Now, verify how Table 1 values match up with the Pivot Chart we create above. They do beautifully. Then match Table 2 values with the Pivot Chart we create above. They do beautifully again as expected. Finally, to triple-verify, match the numbers (input vs outputs and vice versa) in Table 1 and Table 2— and they are PERFECT.

So, our formulas are all good. And we can confidently answer the following question for ANY value thrown at us!

###### 2.  What’s a range (if any) that provides the best quality (points) at a reasonable price?

We just need to look at our meaningful, visual chart:

Let’s answer this: Is higher price correlated with higher points?

Only up to a certain point (between \$100 and \$200)! And then it plateaus, and the ROI doesn’t seem to be much. The quality (score/points) don’t seem to increase much after in relation to price!

Finally, let’s answer this: What’s a range (if any) that provides the best quality (points) at a reasonable price?

This might be dependent on your personal taste and budget, but I’d be comfortable to say (for myself) that if I’m going to taste something out of my usual wines and pay more to taste something unique, I’ll stick with \$300-\$700 range but would be quite content sticking within \$250-\$400 range.

So, how cool is that? It didn’t take quite as long as it seemed at first in the tactical part (the upfront thinking part requires some time for most analyses).
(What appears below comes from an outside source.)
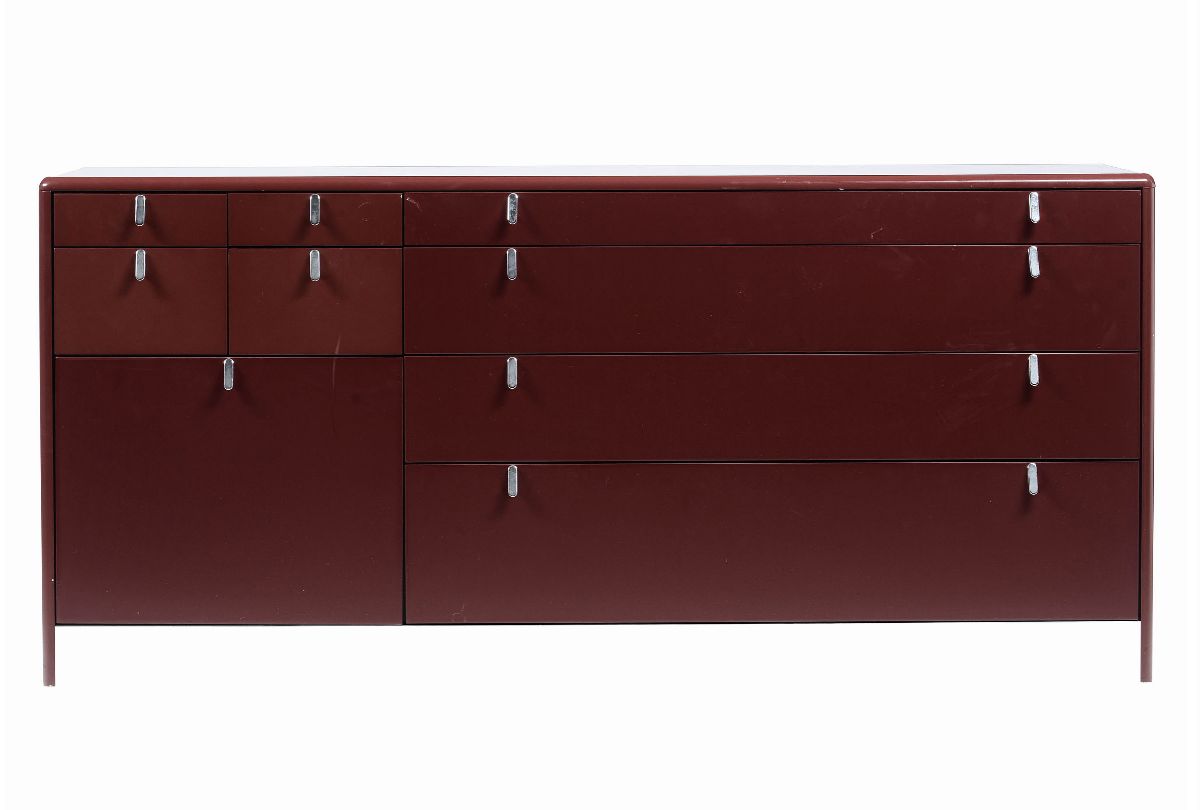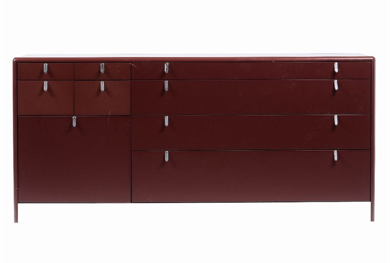 Cassettiera da camera con struttura in legno laccato e dettagli in metallo.

P.S. The wine glass is just my touch using a public-domain image from Office Online. You can perfectly achieve the same results with stock histograms, but I thought the image, that’s perfectly scaled to data automatically and that matches the topic of investigation (wine) would be more suitable.

P.P.S. Data presented actual snapshot of data exported from publicly available sources.

EXERCISE:

• I took the average points for each bucket in this solution. What if there were vastly different outliers in a couple of buckets? How would you accommodate for that such that the points considered as NOT skewed?
• Some wines as it turns out where given very high scores, but we notice that the number of tasters for those are extremely low (as low as 1!) and wherever the number of tasters is above 1000, the numbers seem to synthesize better. How would you address that so the scoring is fairly distributed?
•  What are interesting stories could you tell given the dataset?

HINT: There are very effective solutions to both of these challenges (when/why do you use filters? When/why do we have Mean and Median?).